CD8 T cells could also express TNFR2 and the signal of TNFR2 in CD8 cytotoxic T lymphocytes (CTLs) was purportedly mediated by the anti-tumor effect of agonistic antibodies against TNFR2 (27). We analyzed TNFR2 expression on tumor-infiltrating CD8 T cells in human cancers. The results showed that CD8 T cells indeed expressed high levels of TNFR2. Interestingly, CD8 cells with high TNFR2 expression appeared to have a terminal exhausted phenotype, as defined by the expression of CTLA4, HAVCR2, and CXCL13 (Figures 1C–F). Furthermore, we analyzed the expression of selected marker genes across several cancer types. UMAP visualization demonstrated that high expression of TNFR2 was presented in tumor-infiltrating Tregs and exhausted CD8 T cells across human breast cancer (BRCA), hepatocellular carcinoma (HCC), lung cancer (LC), and melanoma (MELA) (Figures 1G, H). TNFR2 expression by CD4 T and CD8 T cell metaclusters in other 17 human cancer types were analyzed as well, and results consistently showed that TNFR2-expressing cells are mostly concentrated by Tregs in CD4 T cells, while distribution of TNFR2-expressing cells are less homogenous in the CD8 T cells in these cancer types (Supplementary Figure 1). Besides, the expression profile of TNF in tumor-infiltrating T cells was also analyzed. The results showed that there was no clear pattern of TNF expression in CD4 and CD8 T cells (Supplementary Figure 2).

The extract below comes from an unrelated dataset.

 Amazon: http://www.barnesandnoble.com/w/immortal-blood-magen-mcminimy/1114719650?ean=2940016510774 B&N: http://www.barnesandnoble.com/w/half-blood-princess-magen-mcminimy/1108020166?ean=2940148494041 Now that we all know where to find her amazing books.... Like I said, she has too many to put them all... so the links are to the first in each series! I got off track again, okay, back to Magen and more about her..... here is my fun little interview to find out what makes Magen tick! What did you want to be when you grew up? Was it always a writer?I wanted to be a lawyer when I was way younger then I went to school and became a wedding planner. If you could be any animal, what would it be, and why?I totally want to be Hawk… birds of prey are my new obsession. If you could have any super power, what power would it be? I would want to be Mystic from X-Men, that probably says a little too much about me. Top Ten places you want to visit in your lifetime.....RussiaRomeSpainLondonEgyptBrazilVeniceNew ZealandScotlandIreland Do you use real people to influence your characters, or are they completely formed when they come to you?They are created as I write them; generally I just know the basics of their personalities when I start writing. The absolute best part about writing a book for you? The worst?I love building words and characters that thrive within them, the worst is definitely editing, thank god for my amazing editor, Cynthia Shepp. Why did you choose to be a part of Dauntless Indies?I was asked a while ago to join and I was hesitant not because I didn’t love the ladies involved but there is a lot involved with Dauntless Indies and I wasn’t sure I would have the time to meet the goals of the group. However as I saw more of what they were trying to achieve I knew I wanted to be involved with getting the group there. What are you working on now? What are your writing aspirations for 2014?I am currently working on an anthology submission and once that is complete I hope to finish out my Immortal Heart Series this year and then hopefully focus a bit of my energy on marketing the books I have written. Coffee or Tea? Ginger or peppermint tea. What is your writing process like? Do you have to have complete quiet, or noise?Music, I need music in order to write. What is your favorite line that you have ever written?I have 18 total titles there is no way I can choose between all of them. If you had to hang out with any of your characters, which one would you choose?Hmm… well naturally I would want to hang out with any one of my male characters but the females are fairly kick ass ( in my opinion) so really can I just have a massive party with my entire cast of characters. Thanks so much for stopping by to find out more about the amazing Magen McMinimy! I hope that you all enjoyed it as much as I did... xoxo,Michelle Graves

Association of TNFR2 with responsiveness to ICIs therapy
To further assess the potential relationship of TNFR2 signaling on the state of the immune-suppressive tumor environment, and to predict the response of patients to the treatment with ICIs, we evaluated the expression of immune-checkpoint–relevant gene markers of SIGLEC15, TIGIT, CD274 (PD-L1), HAVCR2, PDCD1 (PD-1), CTLA4, LAG3, and PDCD1LG2 (PD-L2) (31, 32). The results showed that TNFR2 expression was positively correlated with the expression of these checkpoint markers in BRCA, HCC, LUSC, and MELA, respectively (Figures 2A–D). Next, we assessed the correlation between TNFR2 expression and the ICIs response by Tumor Immune Dysfunction and Exclusion (TIDE) score (33). The results showed that higher TNFR2 expression was associated with higher TIDE scores, complying with poorer responses to ICIs therapy, in patients with BRCA, HCC, LUSC, and MELA (Figures 2E–H). Therefore, the results of our analysis clearly indicate that TNFR2 expression is associated with a general immunosuppressive state in tumor environments. Thus, high levels of TNFR2 expression are associated with poor responses of patients to ICIs treatment.

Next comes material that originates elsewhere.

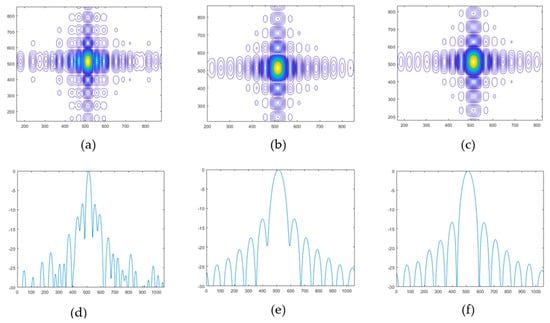 Point target simulation. (a) DBF. (b) IDBF. (c) TSPT. (d) Azimuth profile corresponding to (a). (e) Azimuth profile corresponding to (b). (f) Azimuth profile corresponding to (c).
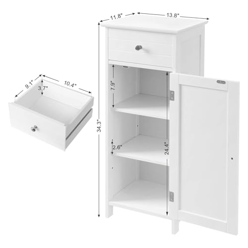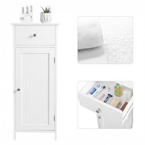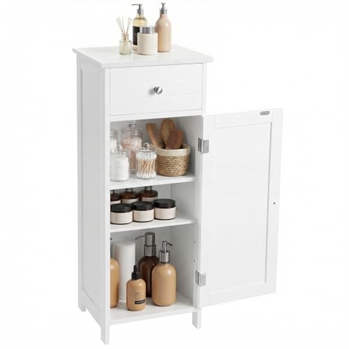 VASAGLE - دولاب أرضية الحمام، وحدة تخزين خشبية مع درج ورف قابل للتعديل لغرفة المعيشة من فاساجيل- أبيض

Figure 2 Correlation of TNFR2 expression and immune checkpoint gene markers. To predict the correlation between TNFR2 expression and the responses to immune checkpoint inhibitor therapy, (TIDE) score was evaluated. According to the median value of TNFR2 expression, tabulated tumor samples and types (BRCA, HCC, LUSC, and MELA) were divided into TNFR2high and TNFR2low groups. Then, TIDE score was used to predict the correlation between TNFR2 expression and immune checkpoint inhibitor responses. The correlation between TNFR2 and representative immune checkpoints gene markers, such as CD274 (PD-L1), CTLA4, HAVCR2, LAG3, PDCD1 (PD-1), PDCD1LG2 (PD-L2), TIGIT, and SIGLEC15 were shown in BRCA (A), HCC (B), LUSC (C) and MELA (D). TIDE score was used to predict the correlation between TNFR2 expression and ICIs responses in BRCA (E), HCC (F), LUSC (G), and MELA (H). *P < 0.05, **P < 0.01, ***P < 0.001, ****P < 0.0001.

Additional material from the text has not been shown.